職務特性を改善することでモチベーションや出勤率や離職率の改善につながることが確かめられており、モチベーションが出勤率や離職の原因かどうかはともかく、相関があるのは間違いなさそうです。

池田は「ワークモチベーション研究の現状と課題」池田浩 日本労働研究雑誌 No. 684/July 2017で、働き方改革に伴い、今後一人ひとりの自律的なワークモチベーションが一層求められるとし、さらに課題(業務)遂行過程は3段階あって、着手段階であれば「やってみよう」という意思の方向性や強度に関わるモチベーションが、中途段階であれば紆余曲折しながらも「最後まで取り組み続けよう」という持続性のモチベーションが、そして結果・完了段階では「また次も頑張ろう」という継続性に関わるモチベーションがあって、これらのワークモチベーションを引き出すことが求められる、と指摘します。

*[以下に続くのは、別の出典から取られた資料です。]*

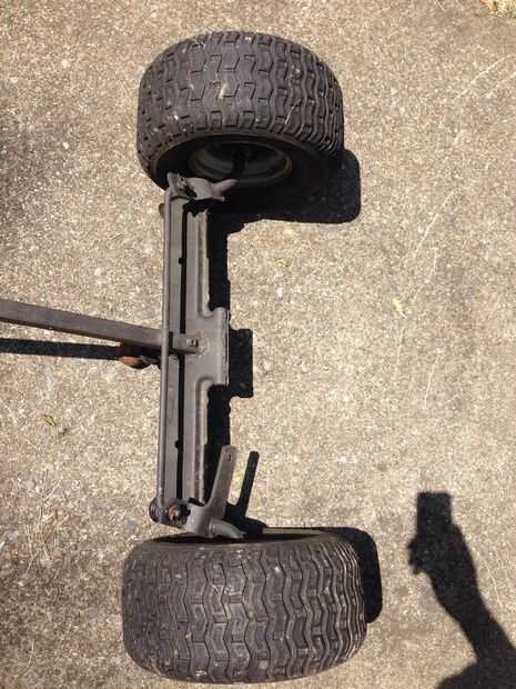 Corte el extremo del tubo en un ángulo de 45o. Soldó con autógena el tubo hacia el lado del eje así que estaba descansando en el enlace de la dirección. Luego enderezó las ruedas y había soldado el eje de dirección al tubo.
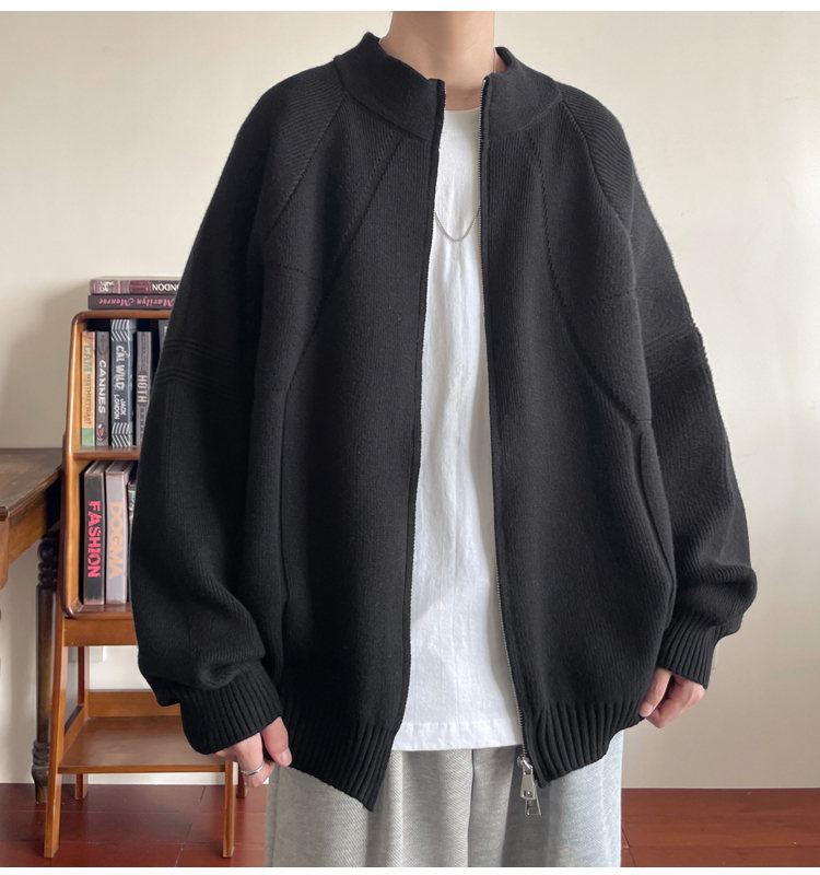 가을과 겨울 게으른 스타일 간단한 올 매치 솔리드 컬러 지퍼 재킷 남자의 새로운 하이 스트리트 패셔너블 브랜드 루즈 캐주얼 탑 남성 패션
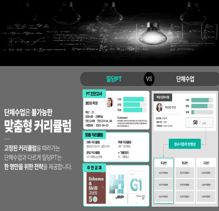 밀당PT 수업 수많은 학생들을 대상으로 하지만 담당선생님이 아이들 한명 한명 케어를 해주시고 취약점을 오랜 경력의 담당쌤과 AI가 분석해서 그에 맞는 솔루션을 정확하게 내려 줍니다.
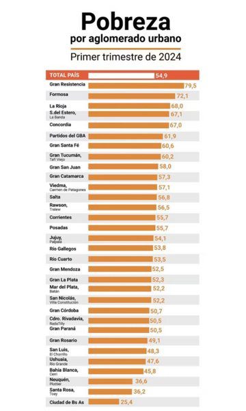 (Cabe recordar que en el cuarto trimestre de 2023 la pobreza era del 45,2% y la indigencia del 14,6 por ciento. Y para ser justos los primeros 3 meses de 2023 las tasas fueron de 38,7% y 8,9% respectivamente).

モチベーション強度が生産性や収益に寄与するかのような主張を見かけることもありますが、自分も相当探したものの信頼に足る研究で寄与を裏付けるものは見当たらずそういう主張に根拠があるといえないのですが、ご褒美がモチベーションを高揚し、モチベーションが行動を強化するのはおそらく疑う余地は少なく、内的報酬を強めることで外的報酬だけで説明できない頑張りも起こせるし、より困難な課題解決に取り組む姿勢も強化されることは期待できそうです。

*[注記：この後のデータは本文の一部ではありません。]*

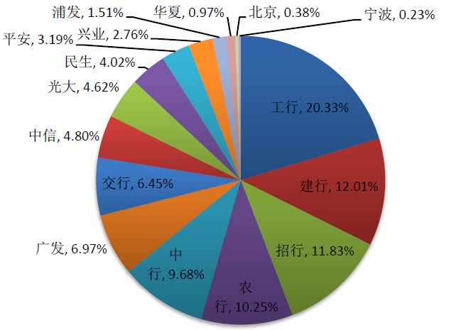 图1 上市银行信用卡截止2013年末市场占比(累计发卡量)

※ホーソン実験の例のように、そもそもモチベーションを損なうほどの労働環境を改善すると衛生要因の改善を通じて生産性は改善します。

もっともモチベーション強化することが企業の存在意義や経営目的実現にいかに寄与するのか、今実施しているモチベーション施策の効率性有効性は高いか、検証改善のためのPDCAサイクルは有効か、といったことについて戦略的体系的な取り組みをしてステークホルダーに説明できることが今後必要になるかもしれません。

一般的にHRMと呼ばれているソリューションは、経営目標への準拠性や目標設定・効果の検証と改善の取り組みがややもするとおろそかになっているような気がして、本来のマネジメントという観点からは改善できる余地がおおいにありそうに思えます。